Union of closed subschemes with the structure sheaf over it

As with all definitions, there is no "proof" that the adopted definition is the right one but only a feeling that it better corresponds to our intuition.

In the case at hand, taking $R/IJ$ as structure sheaf would make union schemes nonreduced for no good reason. For example take $R=k[x,y,z], I=(y,z), J=(x,z)$. Geometrically you are describing the union $U$ of the $x$-axis and the $y$-axis in affine three space $\mathbb A^3_k$ . It should have a reduced structure, correctly described by $I\cap J$, whereas $I.J=(xy,zx, zy, z^2)$ would make the function $z$ nilpotent but not zero on $U$, which feels wrong since $U$ should be a closed subscheme of the plane $z=0$.

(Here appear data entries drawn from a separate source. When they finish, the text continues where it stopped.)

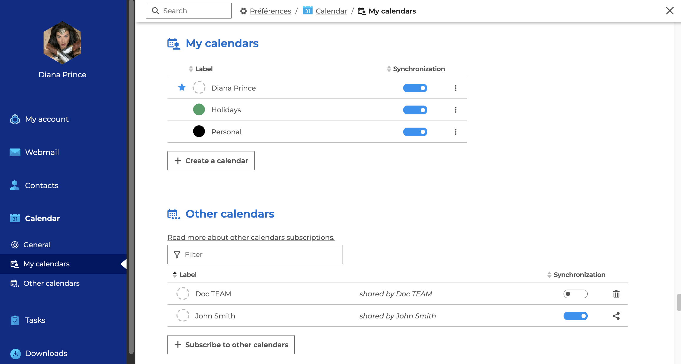 Aktivieren Sie dann die Schaltfläche "Synchronisieren" der gewünschten Kalender:
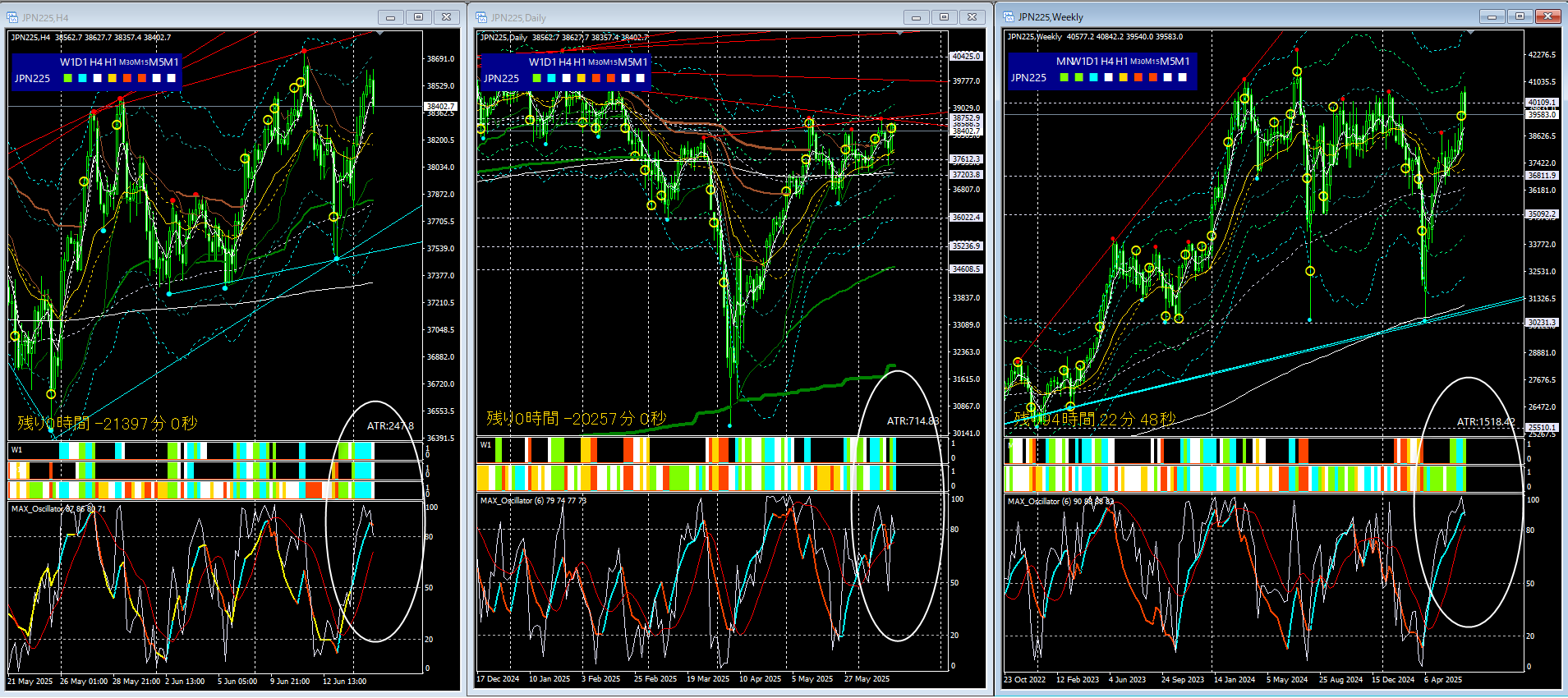 一方で、週足のMAXオシレーター、シンクロバンドは「弱い上昇」を示唆
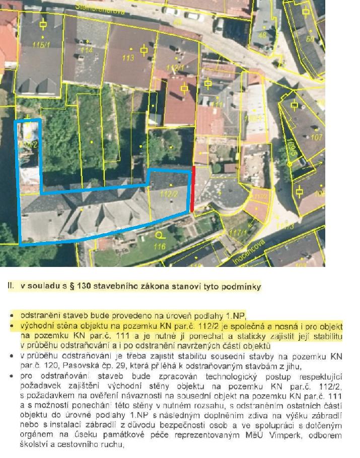 Popis: modře jsou vyznačené objekty nařízené k demolici, červeně stěna, která odděluje budovu tiskáren od soukromého pozemku. Ta měla být podle znaleckého posudku zachována.

A more brutal objection to the idea of defining the union of two subschemes by the product of their ideals is that a subscheme $U$ would practically never be equal to its union with itself, since in general$ I\neq I^2$ : we would have (almost always) $$U\neq U \cup U$$
That looks bad!

(i) The union of two closed subschemes should be the smallest closed subscheme containing the two given ones; if you like, an initial object in the category of all closed subschemes containing the given two. In the case when the two given closed subschemes are $V(I)$ and $V(J)$, this is is $V(I\cap J)$. (The operation $V$ interchanges closed sets and ideals, and is order reversing.)

(ii) In function-theoretic terms, a function $f$ (i.e. an element of the ring $A$) should vanish on $V(I) \cup V(J)$ (i.e. lie in the ideal cutting out $V(I)\cup V(J)$) if and only it vanishes on both $V(I)$ and $V(J)$ (i.e. lies in $I$ and $J$), which happens if and only if $f$ lies in $I\cap J$. Thus we are forced to define $V(I)\cup V(J) = V(I\cap J)$, if union is to have anything like its usual meaning.

Because the first one is the right answer in the case of affine varieties, and the second one is not. Indeed, $R/I$, $R/J$ are nilpotent-free implies $R/I\cap J$ is nilpotent-free, but not so for $R/IJ$.